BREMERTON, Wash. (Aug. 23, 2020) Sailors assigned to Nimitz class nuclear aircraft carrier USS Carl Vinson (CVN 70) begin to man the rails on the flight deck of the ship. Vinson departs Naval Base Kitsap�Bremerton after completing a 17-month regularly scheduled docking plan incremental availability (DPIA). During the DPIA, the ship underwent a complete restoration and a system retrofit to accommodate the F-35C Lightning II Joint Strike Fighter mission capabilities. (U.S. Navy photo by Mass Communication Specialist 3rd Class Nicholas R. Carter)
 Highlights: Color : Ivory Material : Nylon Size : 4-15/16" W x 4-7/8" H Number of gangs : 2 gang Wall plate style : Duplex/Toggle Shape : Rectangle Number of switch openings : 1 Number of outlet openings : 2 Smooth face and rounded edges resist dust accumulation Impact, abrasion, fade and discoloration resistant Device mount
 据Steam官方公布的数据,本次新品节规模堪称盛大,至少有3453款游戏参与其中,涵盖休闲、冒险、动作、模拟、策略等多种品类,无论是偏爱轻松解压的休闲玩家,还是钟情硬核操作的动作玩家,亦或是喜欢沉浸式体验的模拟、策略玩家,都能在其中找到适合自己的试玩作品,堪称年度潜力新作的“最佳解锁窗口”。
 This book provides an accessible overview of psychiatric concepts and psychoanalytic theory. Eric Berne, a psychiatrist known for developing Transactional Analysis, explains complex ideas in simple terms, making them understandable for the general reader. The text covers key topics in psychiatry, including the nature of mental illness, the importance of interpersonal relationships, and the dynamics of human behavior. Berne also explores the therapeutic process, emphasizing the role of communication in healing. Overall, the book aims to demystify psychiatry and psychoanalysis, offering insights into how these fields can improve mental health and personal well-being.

#####

## Problem details
Verbatim output is expected for the lines from the start of the data to the line in which "据Steam官方公布的数据,本次新品节规" appears, both included.

## Solution to this problem
BREMERTON, Wash. (Aug. 23, 2020) Sailors assigned to Nimitz class nuclear aircraft carrier USS Carl Vinson (CVN 70) begin to man the rails on the flight deck of the ship. Vinson departs Naval Base Kitsap�Bremerton after completing a 17-month regularly scheduled docking plan incremental availability (DPIA). During the DPIA, the ship underwent a complete restoration and a system retrofit to accommodate the F-35C Lightning II Joint Strike Fighter mission capabilities. (U.S. Navy photo by Mass Communication Specialist 3rd Class Nicholas R. Carter)
 Highlights: Color : Ivory Material : Nylon Size : 4-15/16" W x 4-7/8" H Number of gangs : 2 gang Wall plate style : Duplex/Toggle Shape : Rectangle Number of switch openings : 1 Number of outlet openings : 2 Smooth face and rounded edges resist dust accumulation Impact, abrasion, fade and discoloration resistant Device mount
 据Steam官方公布的数据,本次新品节规模堪称盛大,至少有3453款游戏参与其中,涵盖休闲、冒险、动作、模拟、策略等多种品类,无论是偏爱轻松解压的休闲玩家,还是钟情硬核操作的动作玩家,亦或是喜欢沉浸式体验的模拟、策略玩家,都能在其中找到适合自己的试玩作品,堪称年度潜力新作的“最佳解锁窗口”。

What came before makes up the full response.